Luther had another reason to hate. The loophole in the law was all the proof he needed that he was being singled out and persecuted.
Thomas Luther apologized to Debrah. It was time, he said, to explain why he hated the police. They’d killed his children.
He’d met their mother in 1969, when he was in the Army and stationed at Fort Carson, south of Colorado Springs. Soon she was pregnant. His son was born when he was in Vietnam on August 25, 1970. A daughter was born March 11, 1973. They never married because they couldn’t get along. But being with his kids and spending time with them was what kept him coming back to Colorado.
Shortly before he was sent to prison, he bought his son a motorcycle. A few years later his children were both on it when it was struck by an officer who was chasing a 16-year-old boy through a residential area in a car.
“My ex let them buy her with $170,000,” he wrote. “Plus they charged the boy that the cops were running after with two counts of vehicular homicide. They sure didn’t take responsibility for their actions.”
To make matters worse, he said, prison officials hadn’t notified him of the deaths for ten days. Then they took him to “the hole,” stripped him, and only then told him the awful news.
“They kept me like that for five days,” he wrote. “I cried for days and needed to be held and wanted so much to be able to hold my babies just one more time.”
Maybe she could now understand where his anger came from, he said.
It was all, of course, a pack of lies. He’d never had any ch
ildren, been married, or in the military, much less Vietnam. But Debrah, who also believed that he was two years older than her rather than five years younger, bought it.
When she read about the supposed death of his children, Debrah had not yet learned to recognize what she would later think of as harmless “Tom Luther stories”. In fact, she thought the tragic account explained a lot about the man she was falling in love with. His anger. His vulnerability. His toughness. Still, she said as her own tears fell for the “murdered” children on the letter she wrote back, he was going to have to learn to control his anger if they were ever going to have a future together.

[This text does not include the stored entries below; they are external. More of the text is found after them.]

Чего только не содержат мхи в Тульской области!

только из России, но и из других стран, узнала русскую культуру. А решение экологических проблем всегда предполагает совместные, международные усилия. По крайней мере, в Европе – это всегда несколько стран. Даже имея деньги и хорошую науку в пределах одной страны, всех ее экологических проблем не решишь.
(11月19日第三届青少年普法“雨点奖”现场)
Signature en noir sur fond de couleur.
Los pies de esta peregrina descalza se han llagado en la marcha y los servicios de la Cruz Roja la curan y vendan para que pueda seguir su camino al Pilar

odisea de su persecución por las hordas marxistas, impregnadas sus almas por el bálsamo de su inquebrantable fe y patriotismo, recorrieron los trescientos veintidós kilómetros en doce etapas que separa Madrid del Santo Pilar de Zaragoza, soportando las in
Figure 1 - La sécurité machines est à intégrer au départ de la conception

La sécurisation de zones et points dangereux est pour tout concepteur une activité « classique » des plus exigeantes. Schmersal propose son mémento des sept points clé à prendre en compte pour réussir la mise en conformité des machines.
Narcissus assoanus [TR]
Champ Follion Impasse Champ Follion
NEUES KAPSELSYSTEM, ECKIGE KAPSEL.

Luther agreed. It had taken prison and losing everything he had worked for, especially the kids, but he’d learned his lesson. That’s why he’d forgiven his mother, whom he hadn’t talked to in ten years, and told her he loved her.

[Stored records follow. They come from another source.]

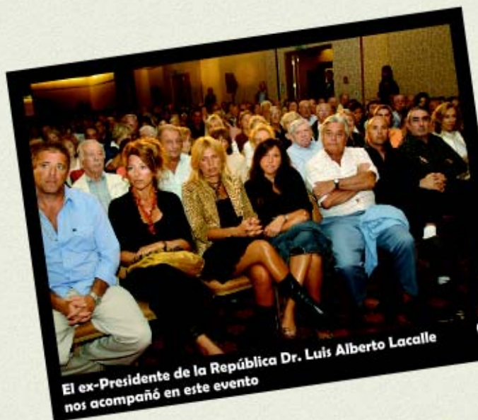
El ex-Presidente de la República Dr. Luis Alberto Lacalle nos acompañó en este evento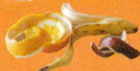
Épluchures, restes de fruits et de légumes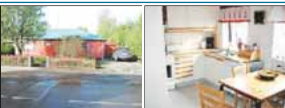
Engjavegur 8, Selfossi Um er að ræða 113,0 fm einbýlishús ásamt 38,3 fm bílskúr. Verð 22,7 m.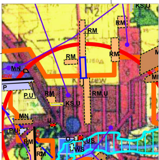
Wyrys ze studium uwarunkowań i kierunków zagospodarowania przestrzennego gminy Kłoczew skala 1:25 000

granice terenów objęte zmianą miejscowego planu zagospodarowania przestrzennego gminy Kłoczew – etap III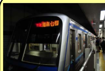
ブルーライン快速運転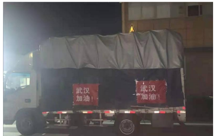
新冠肺炎疫情 捐款捐物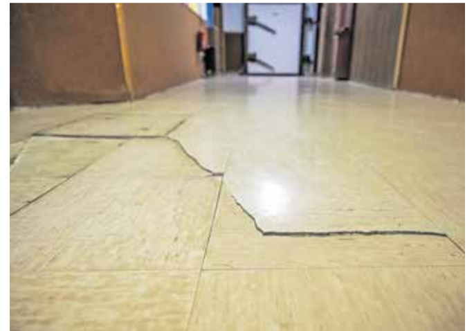
Zaradi žlindre so tlaki v kletnih prostorih dvignjeni in razpokani.

je iz njih zaudarjalo, a stanje tudi zdaj ni bistveno boljše. Dotrajane so tudi sanitarije v višjih nadstropjih, zlasti v enem od stranišč je cela stena »napihnjena« in je samo vprašanje časa, kdaj bodo ploščice odpadle; in upati je, da ne bo ravno takrat v stranišču kateri od učencev. Stara in uničena so tudi vrata sanitarij. Po predračunu bi samo obnova sanitarij stala 117 tisoč evrov, po besedah ravnateljice pa so na Občini Jesenice v osnutku proračuna za leto 2025 ta denar za investicijska vzdrževalna zdaj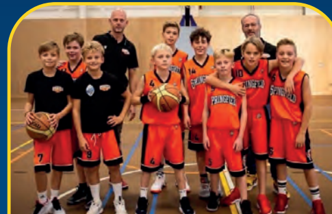
BV SPRINGFIELD [NL]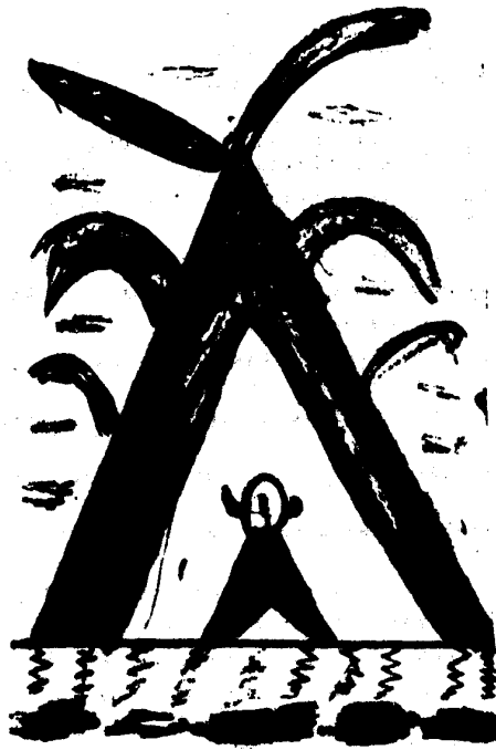
El pueblo suspendido v.122

pele-le 22 kuku-naa-le neka pir-mai-te-ti 15 ukakka se ye /todo/amarrado-ir lex. ( ir amarrado )- part. pas. /sitio/circular- aux. ( estar acostado ) /- perf.-nom. /extremidad- dir. ( hacia )- suf. voc. // El Nele Ukkurwar está mirando allá donde todo, por todas partes, está bien amarrado 23

Throughout the rest of 1991, and indeed the years beyond, he continued to heap more lies onto their relationship. He said he was a peerless hunter and fisherman with kills and trophies still on the record books. He and his dad had hunted mountain lions for the bounty and raised world-champion hunting dogs. One time, during his buffalo-raising days, he had to jump into a pen to distract an enraged bull “that was goring and stomping a guy.” Only through his daring was his old girlfriend ”Sue“ and the other man’s wife able to carry the man to safety.
Luther was always the hero of his stories, even those taking place in the penitentiary, such as the time he stopped prison hitmen from killing a young inmate over a drug deal: “They’ll have to come through me first.” In another, he wouldn’t allow older inmates to rape a newcomer. And in one letter, he announced that he had been thrown in the hole because he dared stand up to the guards who were hurting his young friend, “Southy” Healey. It was hard, he said, but a price he was willing to pay for justice.
The lies piled up until he couldn’t remember what he had told her and when. Here and there, Debrah would note one of the little inconsistencies. But it took much longer to uncover the big fibs; it was beyond her comprehension that someone would lie about the death of “his” children.